Bailey and Middlesex Sessions

Old Bailey

A reference to the Old Bailey, the most famous criminal court in the world.

This Court was formed by an Act of 1834 and tries criminal cases from the London Metropolis, also crime cases on the High Seas and any criminal cases sent to it by the King's Bench Division of the High Court, or by writ of certiorari as when, for instance, owing to strong local feeling it is felt that the prisoner would not get a fair trial before a jury at the County Assizes.

Middlesex Sessions

These Sessions sit in Westminster and correspond to the London Sessions south of the Thames. Both have powers similar to Quarter Sessions in the country, but have a paid presiding judge called the Chairman of the Sessions, like a Recorder who presides in a County Borough.

Burglaree. Should of course be bigamy—a rather poor joke"To marry two at once is burglaree!"

Cologne. Fetch some water from far. Eau de Cologne, a scent originally invented by Johann Maria Farina of Cologne.

Court of Exchequer. Originally a revenue department collecting the King's debts which developed into a Court of Law, the judges of which were known as Barons. See "Introduction" to "Trial by jury".

This Court is referred to in the Lord Chancellor's song "When I went to the Bar as a very young man, (said I to myself-said I,)" in "Iolanthe".

Gurneys. Samuel Gurney (1786-1856). Bill discounter and philanthropist.
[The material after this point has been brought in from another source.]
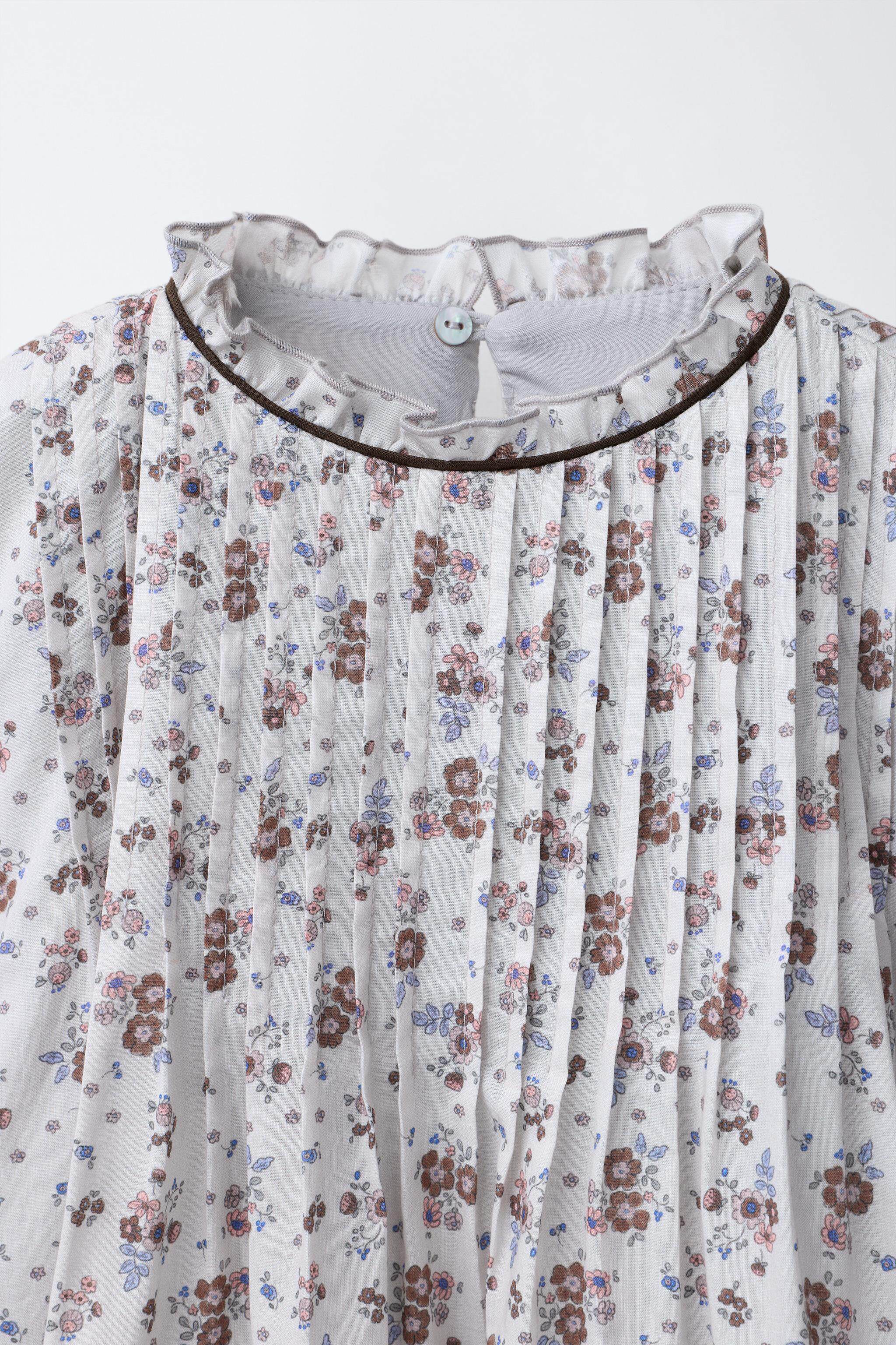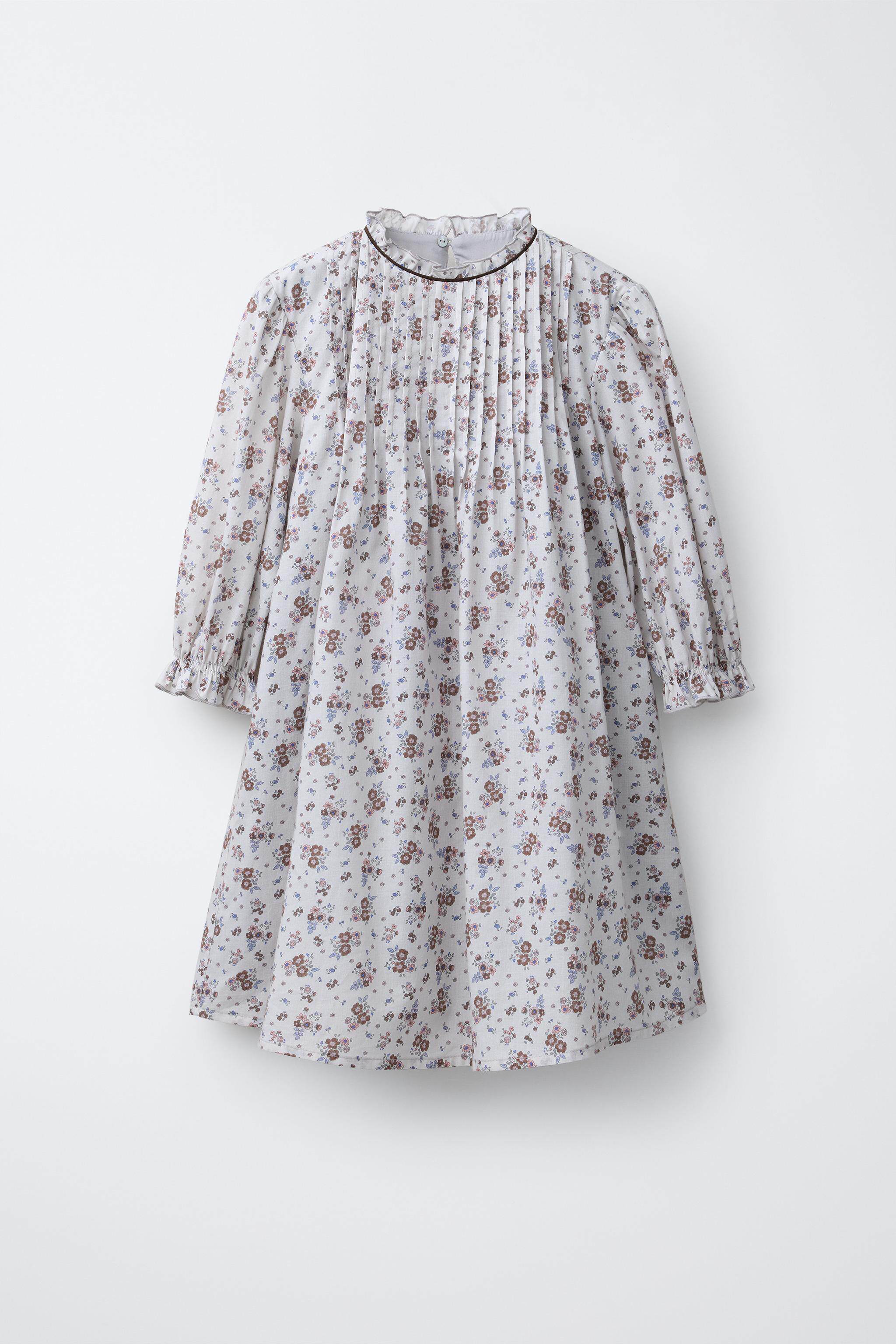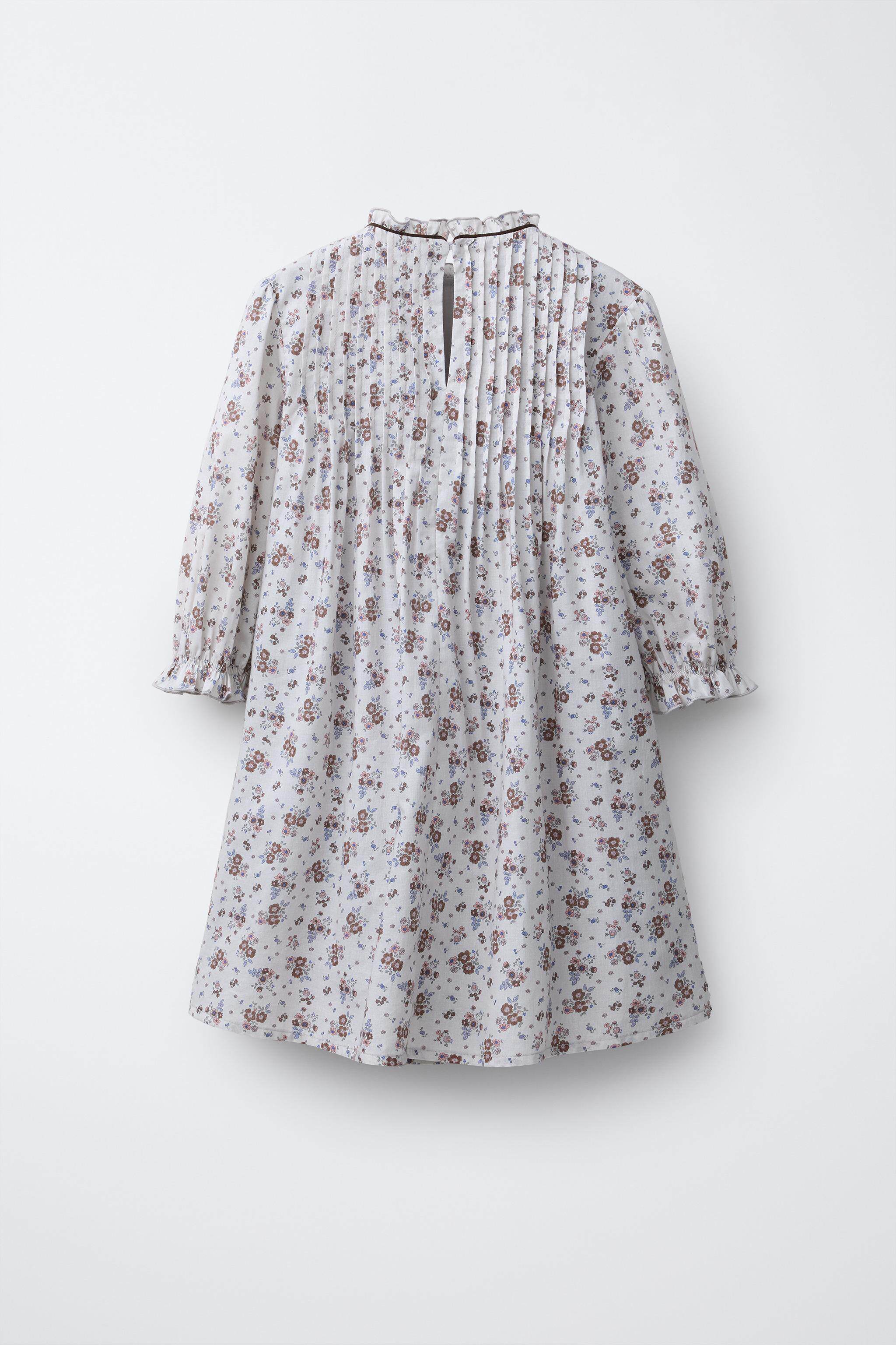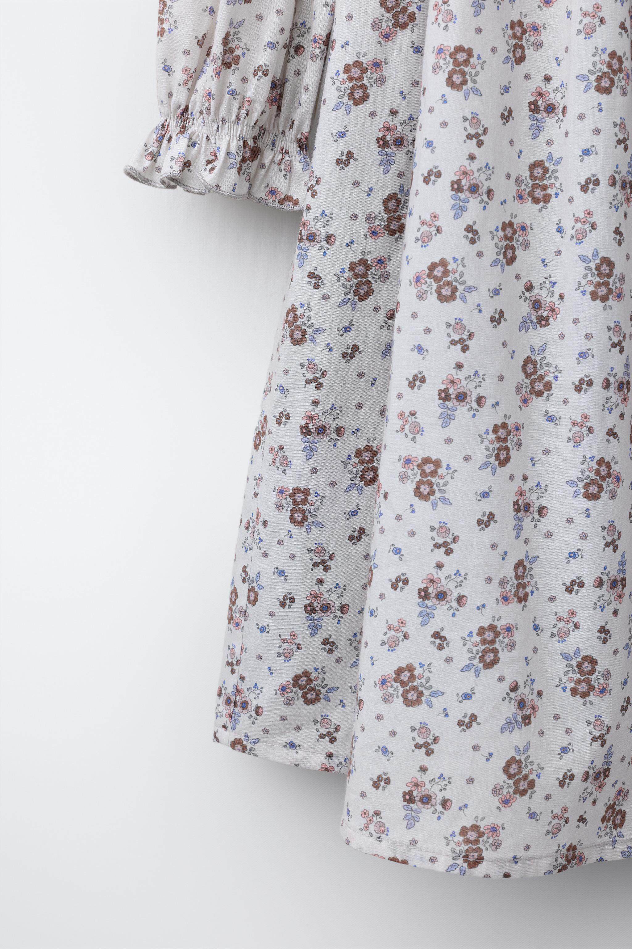 ZARA Новое поступление весны и лета 2026, детская одежда для девочек, платье с цветочным принтом и оборкой, высоким воротником и длинными рукавами, 1269626 837

Born Norwich, 18 October 1786; died Paris, 5 June 1856.

His father and father-in-law left him a large amount of money which resulted in his firm becoming the greatest discounting house in the world; Gurney was known as "The Banker's Banker".

After his death the firm was reorganized as a joint-stock company, and failed in 1866.

Otto. Breathing concentrated. A scent distilled from rose petals and known as "Attar of Roses".

Reversed in Banc. i.e. by two or more judges of the same Court sitting together—this was a "sitting in banc".

Subpoena. A Writ calling upon a person to attend a Court under a penalty (Latin sub poena) for failure. All writs are issued in the name of the King.

a la Watteau. Jean Antoine Watteau, son of a plumber, was born at Valenciennes, 10 October 1684 and died at Nogent-sur-Marne 18 July 1721.

He was considered the most brilliant and most original draughtsman of the 18th century. His oil paintings are remarkable for their illumination and delicate blending of colours. After a very hard struggle in early life he succeeded brilliantly, and his pictures are to be seen in nearly all the principal public galleries of Europe.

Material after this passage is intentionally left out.